MRCB announced the following agreements with DMIA (M):-
LTSB is the joint venture company to undertake the proposed double tracking of railway lines in Klang Valley while CASB has been identified as the joint venture company to undertake a mixed development project in Brickfields on a commercial land measuring 4.92 acres. PBSB in the joint venture company to undertake the Salak South mixed development project over 24.5 acres with a GDV of around RM2.1b. The two agreements are expected to be completed by 4Q15. (Source: Bursa Malaysia)
Comments: The net effects of the two agreements upon completion is full control of CASB by MRCB, and LTSB and PBSB by DMIA. The proposed disposal of the 70% interest in PBSB will entail giving up a potential share of GDV of RM1.4b in exchange for RM39.0m cash (an advance of RM15.0 m will also be recouped).
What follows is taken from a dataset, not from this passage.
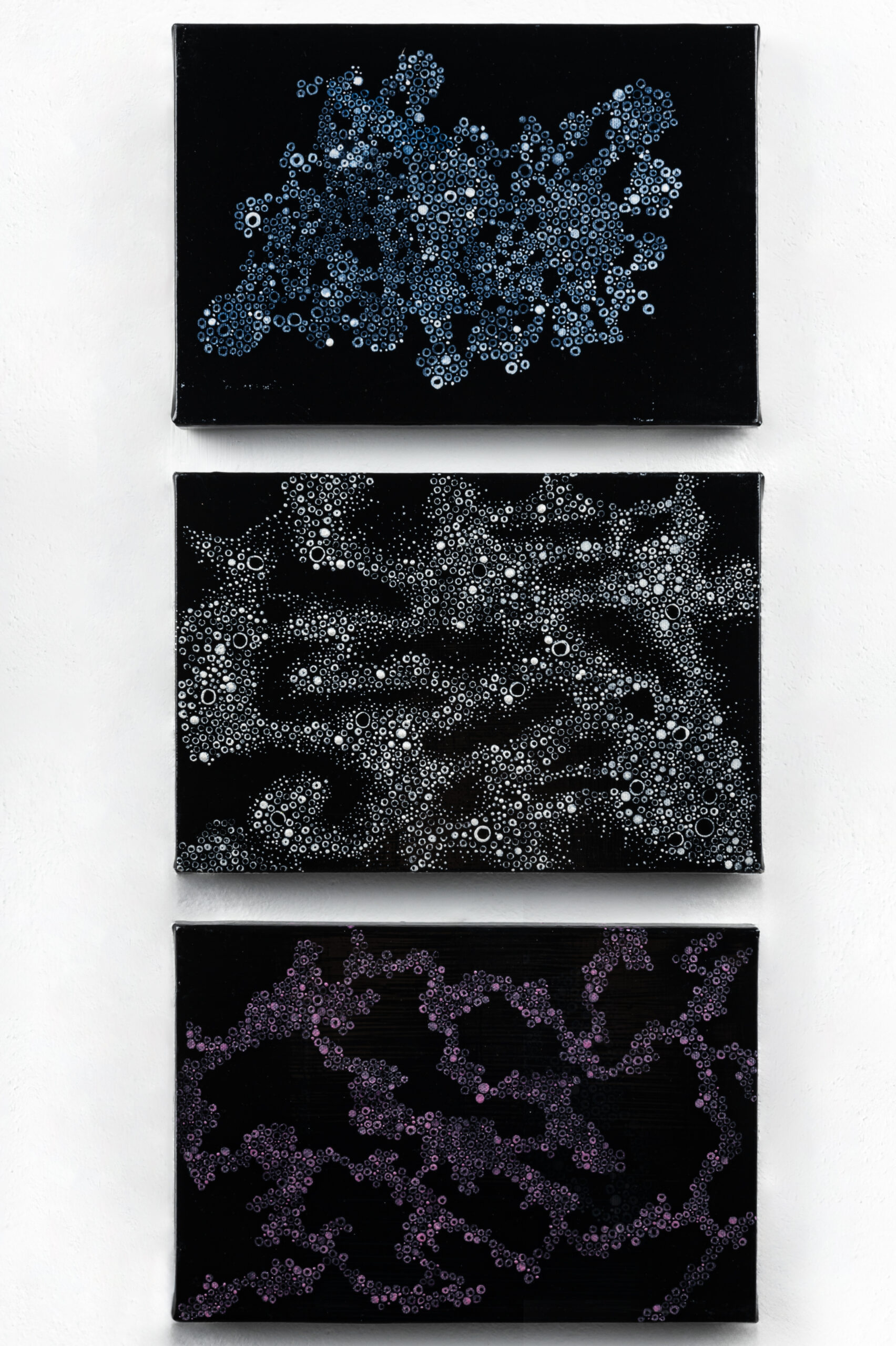 또한, 검정 화면에 반짝이는 물감은 자개를 떠올리게 하는데, 어릴 적 할머니의 자개농에서 영감을 받았다. 자개 특유의 빛깔은 균형과 이상을 시각적으로 표현한다. 검정 화면에서 각각이 고유의 빛을 내는 원은 여러 경계에서 균형적으로 살아가는 이상적인 기준을 상징한다.

Transfer of MRCB’s 100% interest in LTSB would also exclude MRCB from the Klang Valley Double Tracking project which has yet to be formally awarded and which may have a contract value of around RM500m. However, in return MRCB will increase its stake in the mixed development project to be undertaken by CASB within the vicinity of KL Sentral.
Pending the disclosure of the exact GDV of the CASB development, we do not expect the agreements to have a significant impact on our FY15E-17E forecasts for MRCB, RNAV-based TP of RM2.26 and BUY rating.